At Stanford University, I teach some of the country’s highest achievers. But when they enter fast-paced lecture halls, even those were successful in high school mathematics start to think they’re not good enough. One of my undergraduates described the panic she felt when trying to keep pace with a professor: “The material felt like it was flying over my head,” she wrote. “It was like I was watching a lecture at 2x or 3x speed and there was no way to pause or replay it.” She described her fear of failure as “crippling.” This student questioned her intelligence and started to rethink whether she belonged in the field of math at all.
Research tells us that lecturers typically speak at between 100 and 125 words a minute, but students can take note of only about 20 words a minute, often leaving them feeling frustrated and defeated.
This style of teaching doesn’t work for lots of people — one college math class was enough to turn me off from math. But it hits women and people of color especially hard.

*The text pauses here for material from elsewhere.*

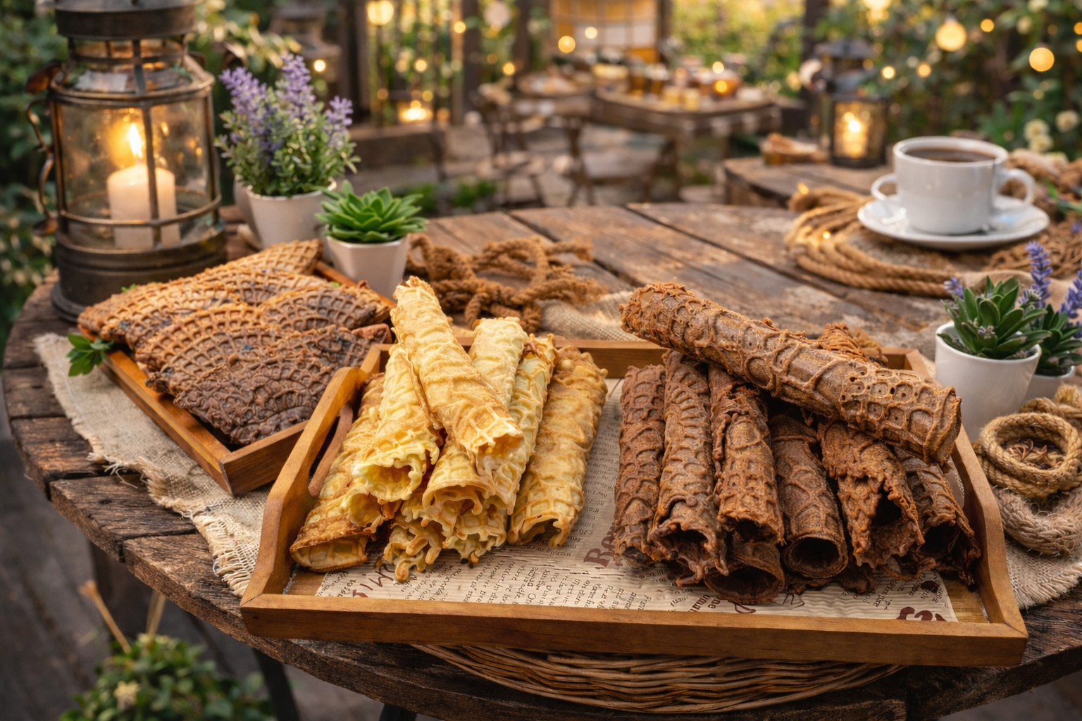 5. Setelah mulai berwarna cokelat digulung dengan sumpit atau bambu kecil yang sudah disiapkan dan dinginkan.

When students struggle in speed-driven math classes, they often believe the problem lies within themselves, not realizing that fast-paced lecturing is a faulty teaching method. The students most likely to internalize the problem are women and students of color.
But there’s no reason math has to be taught the way it currently is. Recently Boaler ran an interesting math teaching experiment that had impressive results.
In a recent summer camp with 81 middle school students, we taught mathematics through open, creative lessons to demonstrate how mathematics is about thinking deeply, rather than calculating quickly. After 18 lessons, the students improved their mathematics achievement on standardized tests by an average of 50%, the equivalent of 1.6 years of school.
What’s true in math is even more true in data science: if we want more people to use data science, we need to take a hard look at how it’s taught.